Spring into April with Weyes Blood
L.A. Singer Talks Climate and Confidence
WEYES BLOOD RISING: Weyes Blood has a unique way of peering into the future and the past, both musically and stylistically. On Wednesday, April 3, the L.A. resident, a k a Natalie Mering, will return to Santa Barbara with a concert at Velvet Jones (423 State St.) in her first performance here since last playing with Father John Misty. The tones of her new album, Titanic Rising, find root in ’60s and ’70s folk rock and ’80s new age; her lyrics portray our present-day post-apocalyptic future.
“Mostly it’s about a lack of dominion over nature, the Titanic being the most symbolic tragedy for man’s hubris,” she said in a phone interview. “But instead of dealing with one singular tragic event, we’re dealing with this mass kind of rising of climate change. The whole parable is symbolic. What’s happening now is what’s happening then, just on a bigger, grander scale.”

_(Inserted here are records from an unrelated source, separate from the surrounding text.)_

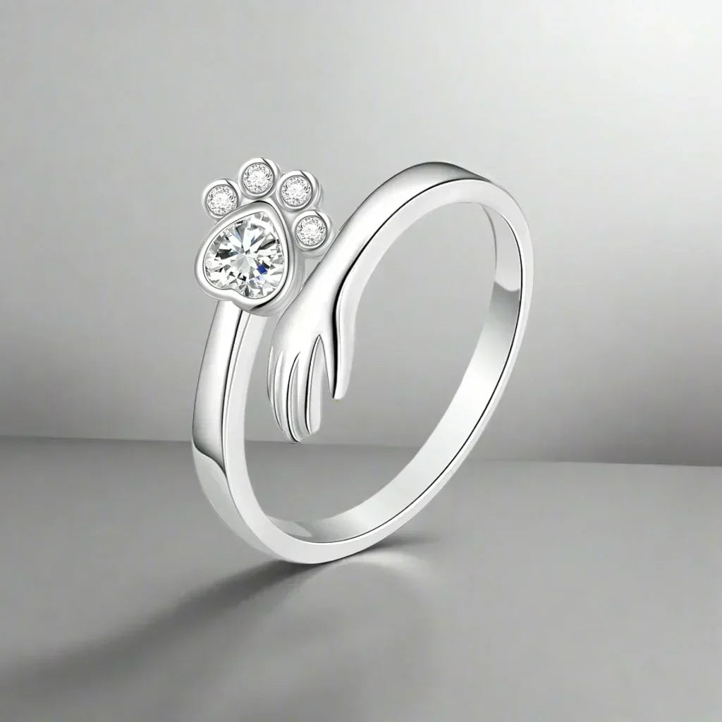 Verstellbarer Ring mit Pfote aus Sterlingsilber – Design Hand in der Pfote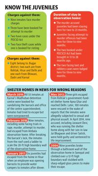 Nine of the juveniles who escaped face charges of murder, while three are booked for attempt to murder, two under the Protection of Children from Sexual Offences (POCSO) Act, two face loot and robbery offence while one was booked for rioting in Jhajjar.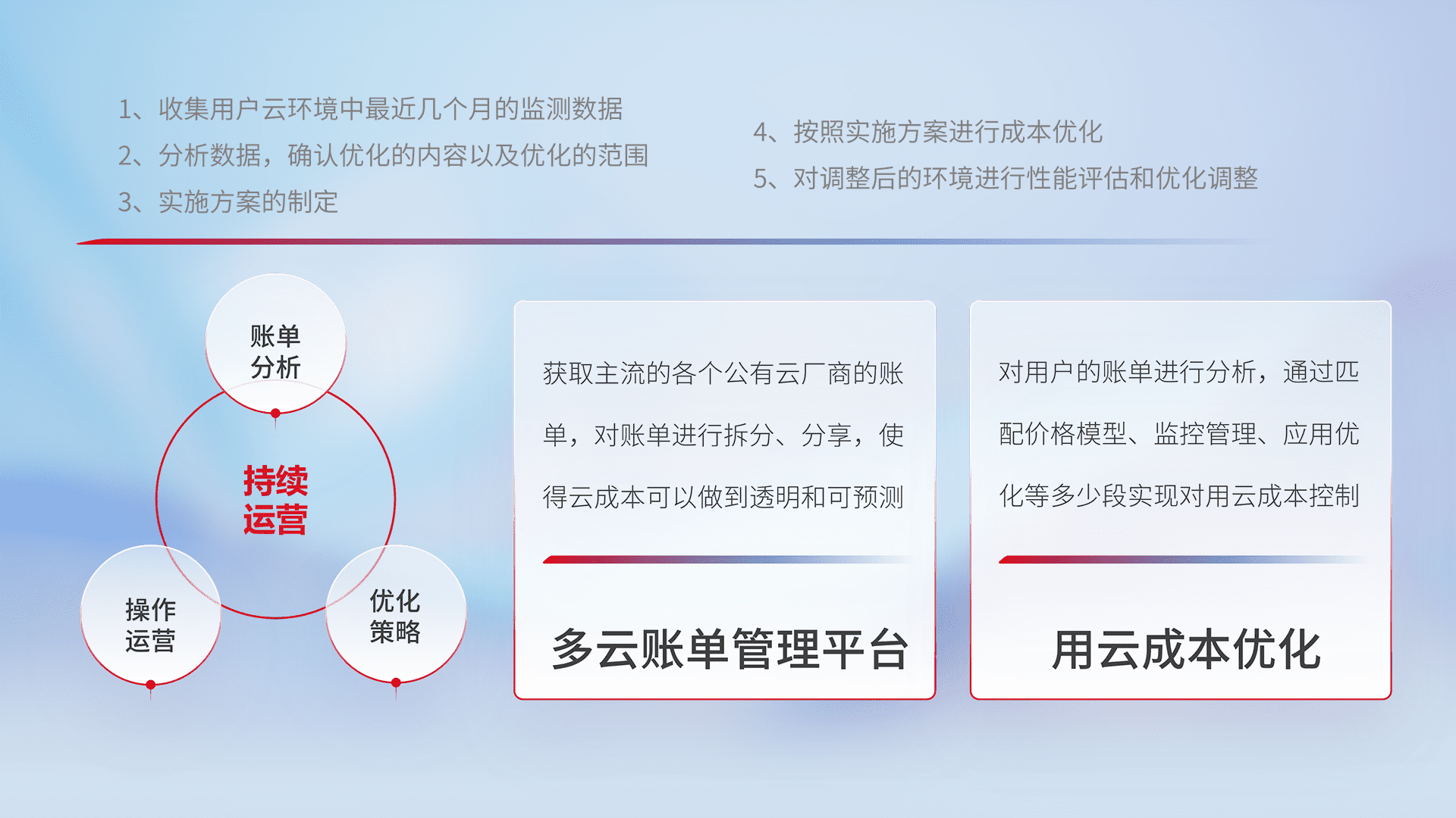 通过多云纳管,,,,以统一的资源数据模型把客户的云资源进行抽象和封装,,,进而实现对多云资源的统一操作,,,,保障云资源管理的可靠性、、、稳定性与可用性。。量身定制化运维内容,,,,配置、、、、开发运维、、、、补丁管理、、、备份、、、监控、、、、认证和访问管理、、、、审计和日常巡检等,,,,保障在用云过程中的可靠度,,,,稳定度以及高可用率。。。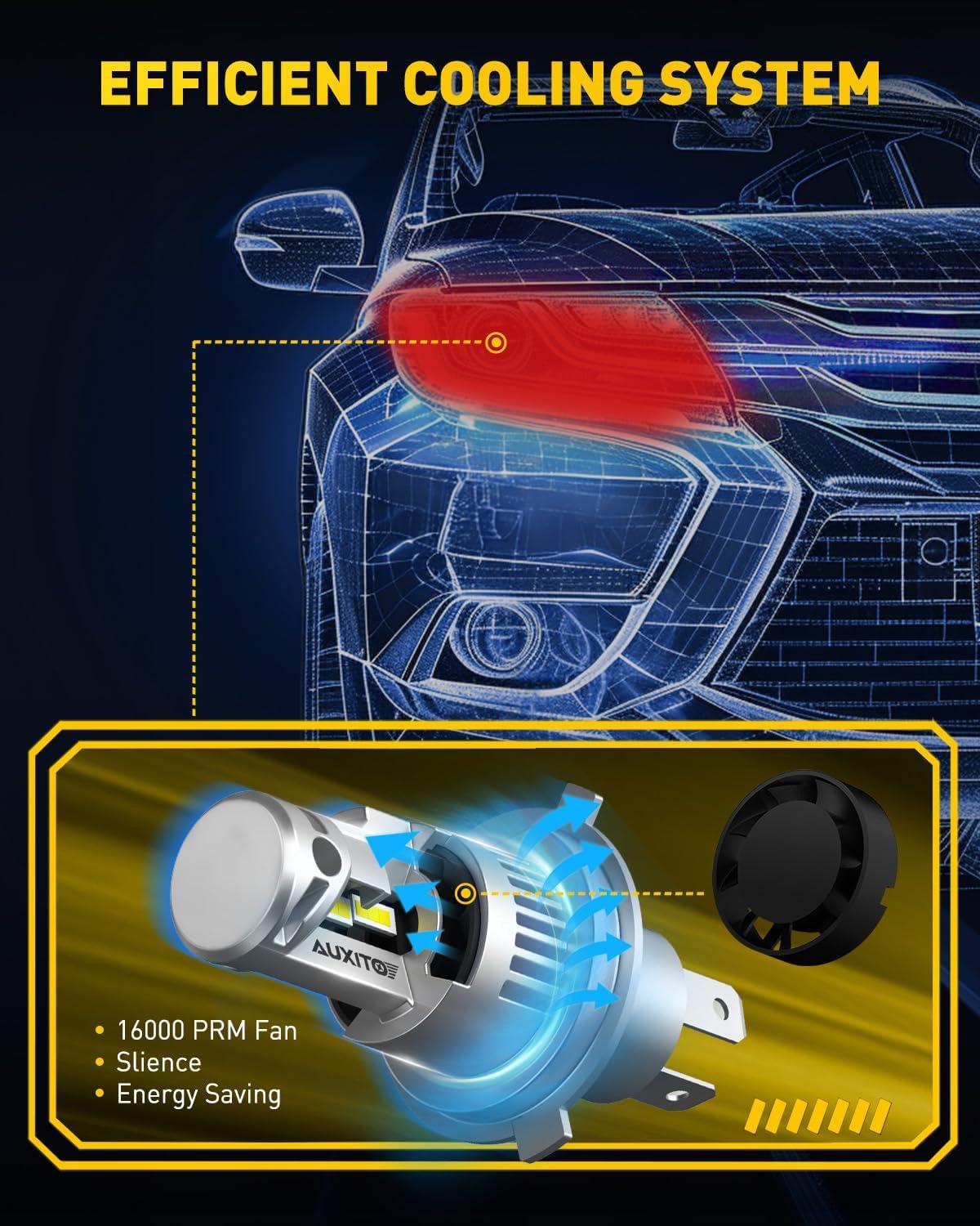 Long-lasting Durability: Constructed with a sturdy aluminum body, double copper tubes, and a copper baseboard, AUXITO 9003 H4 bulbs are built to last. Equipped with a 12,000RPM silent cooling fan, these bulbs efficiently dissipate heat, extending their lifespan to an outstanding 60,000 hours—equivalent to over 20 years of use. Enjoy the convenience of infrequent replacements and reliable, long-lasting illumination.

On the cover of Titanic Rising, Mering floats in a submerged bedroom. In a way, she has maybe always been a bit nautical by nature. Growing up, “I had recurring dreams that I was on a sinking ship, saving people, even before the movie,” she said. If aboard the fated Titanic in a past life, “I’d be saving people, saving babies. I tend to panic and fear on a low-grade level every day, but when something really disastrous happens, I kick into super high gear; a kind of transcendent, save-everybody mind-set.”